Hier geht ja mächtig die Post ab. An der Ecke Karstadt/Erzbergerstraße und Postamt bietet ein neuer Kreisel täglich ein wundersames Schauspiel, das wir auch bestens positioniert von der Redaktion aus staunend verfolgen können. Wenn es gerade mal die Arbeit kurz zulässt. Mit der neuen Kreisel-Situation haben etliche Verkehrsteilnehmer ihre liebe Mühe, in die richtige Spur einzufädeln. Das Chaos fährt im Kreis. Schimpf und Schande unter den Fahrern halten Einzug. Wie ein Mahnmal wirkt der 100.000 Euro teure Skulpturturm des Künstlers Werner Pokorny. Der wirkt in seiner rostigen Farbe für machen Betrachter genauso griesgrämig wie gestresste Autofahrer. Ein plötzlicher großer Feuerwehreinsatz mit lautem Sirenengeheul bringt Abwechslung in die triste Szenerie. Das Karstadt-Gebäude muss wieder einmal kurzzeitig evakuiert werden – das gab es in den vergangenen Jahren schon ein paar Mal. Die Beschäftigten plaudern aber ziemlich entspannt an der Rückseite des Gebäudes. Schnell herrscht nach dem vorigen kurzen Schreck Klarheit. Eine Katastrophe bleibt Gottseidank aus. Wieder einmal.

Staub wirbelt auf

Den derzeitigen umtriebigen Bauarbeiten rund um das Karstadt bleibt es wohl geschuldet, dass der Rauchmelder laut piepste. Den hatte aufwirbelnder Staub mächtig irritiert, so dass das Alarmsignal erfolgte. Die Feuerwehren müssen im Hegau mit großem Gefährt und vielen Einsatzkräften – das ist vorsorglich bei Ernstfällen von zwingenden Nöten – immer wieder zu ärgerlichen Einsätzen wegen Fehlalarmen ausrücken.

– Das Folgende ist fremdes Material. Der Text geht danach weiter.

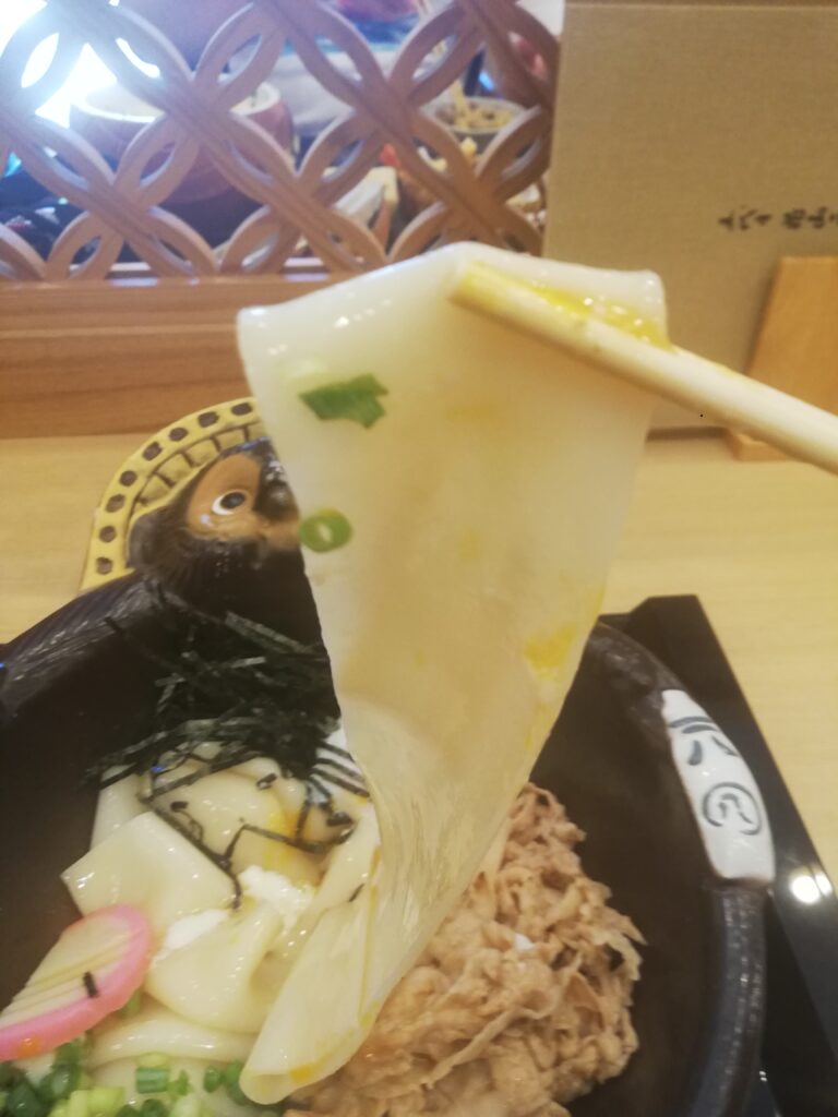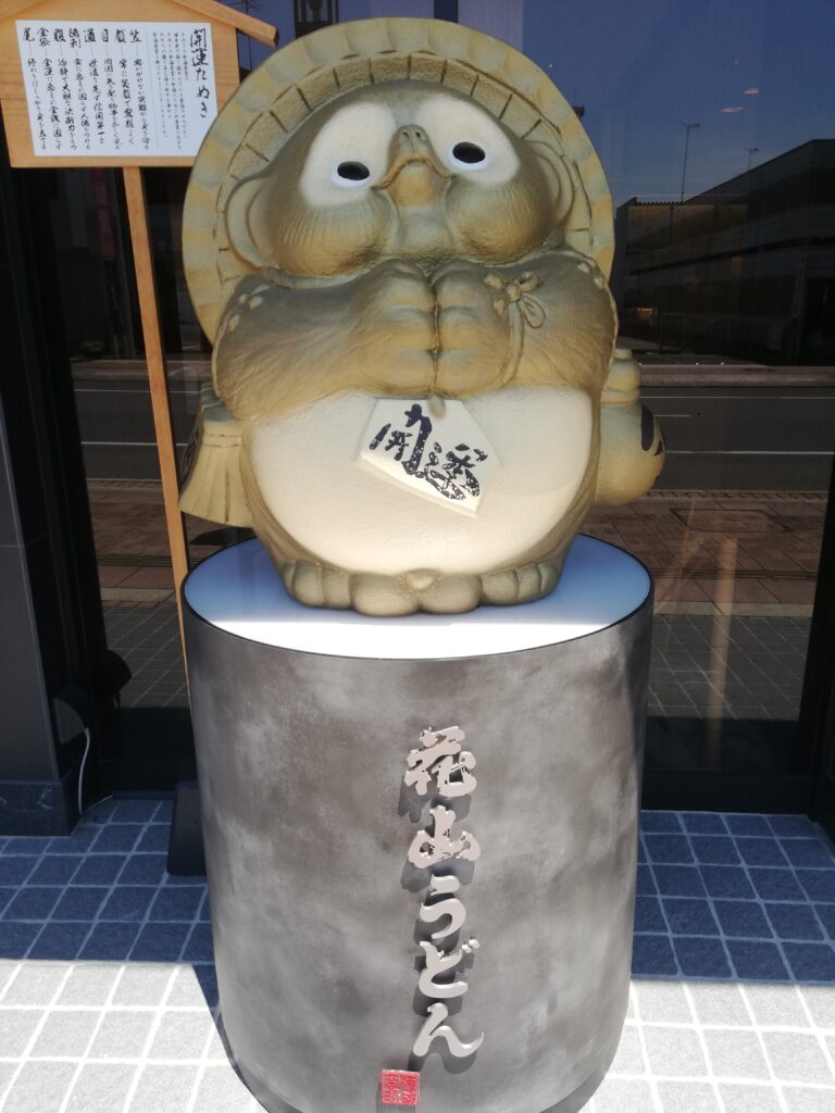…しかし、目の前に置かれたその姿は、吾輩の想像をはるかに超えていた。直径20cmはあろうかという、狸の形をした大きな器に、きしめんの幅をはるかに超える、幅5cm以上の平たい麺が、美しく盛り付けられている。まさしく、その存在感は「ドーン」という擬音がふさわしい。
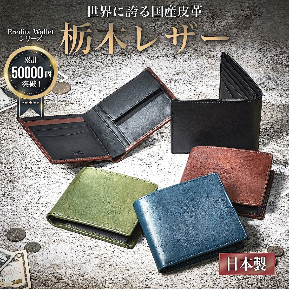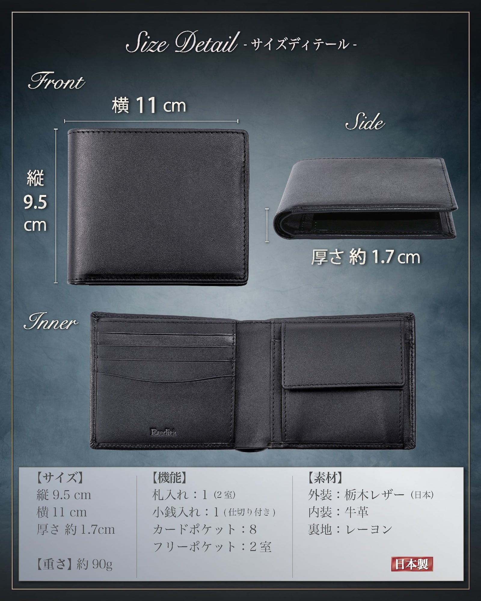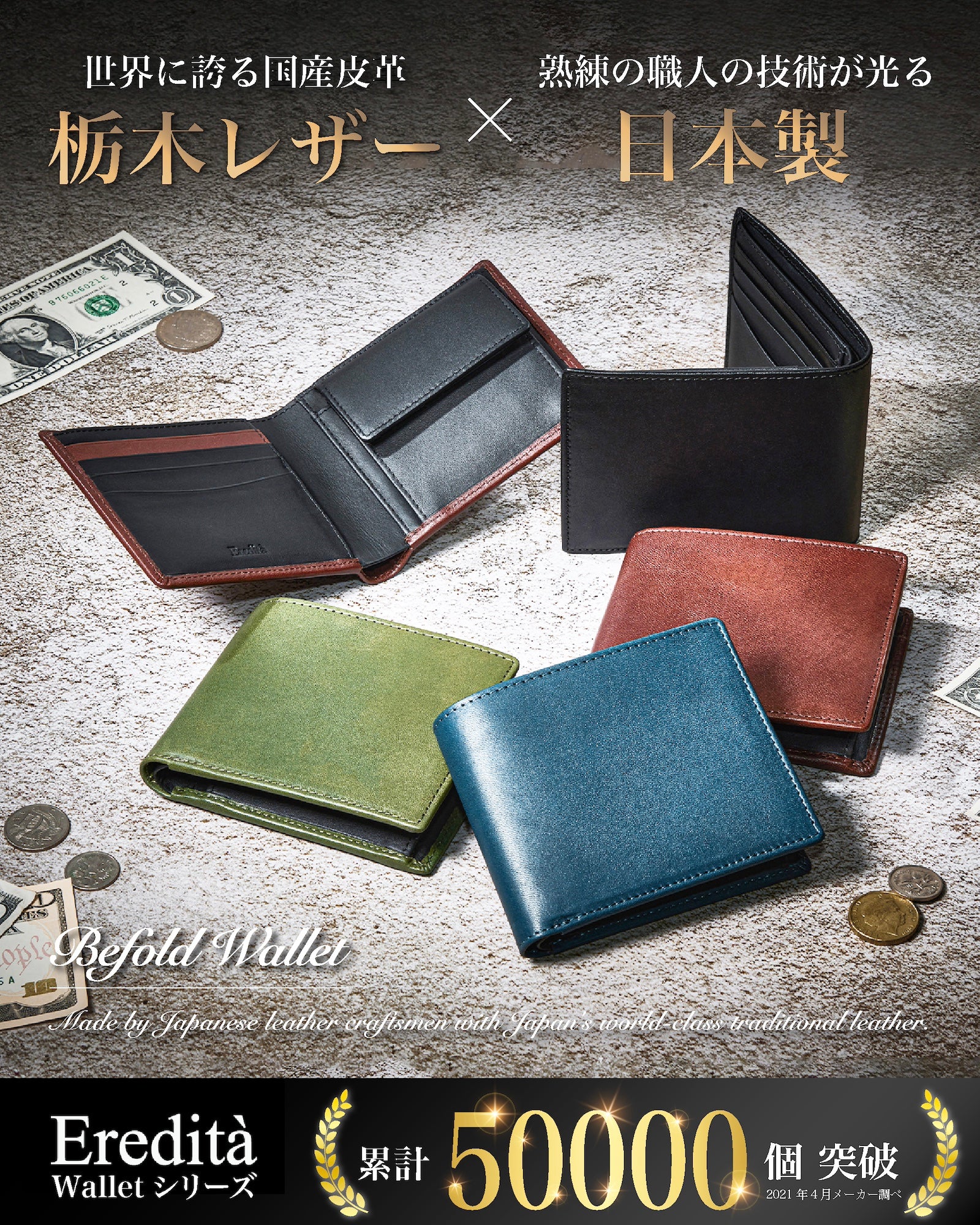 Eredita(エレディータ) 栃木レザー 二つ折り財布 メンズ 日本製 WL16

An diesem Tag hätten die bei Einweisungen von Parkplätzen bestens erprobten Wehrleute einen sinnvolleren Einsatz leisten können. Wie bei der Regelung des Neu-Kreisverkehrs. Dies wenige Meter neben dem vermeintlichen Brandherd. So warten wir auf weitere kuriose und wilde Verkehrsszenen rund um die prägnante Skulptur, die eine nicht minder teure zweite Ausgabe am Kreisel des östlichen Endes des Bahnhofvorplatzes findet.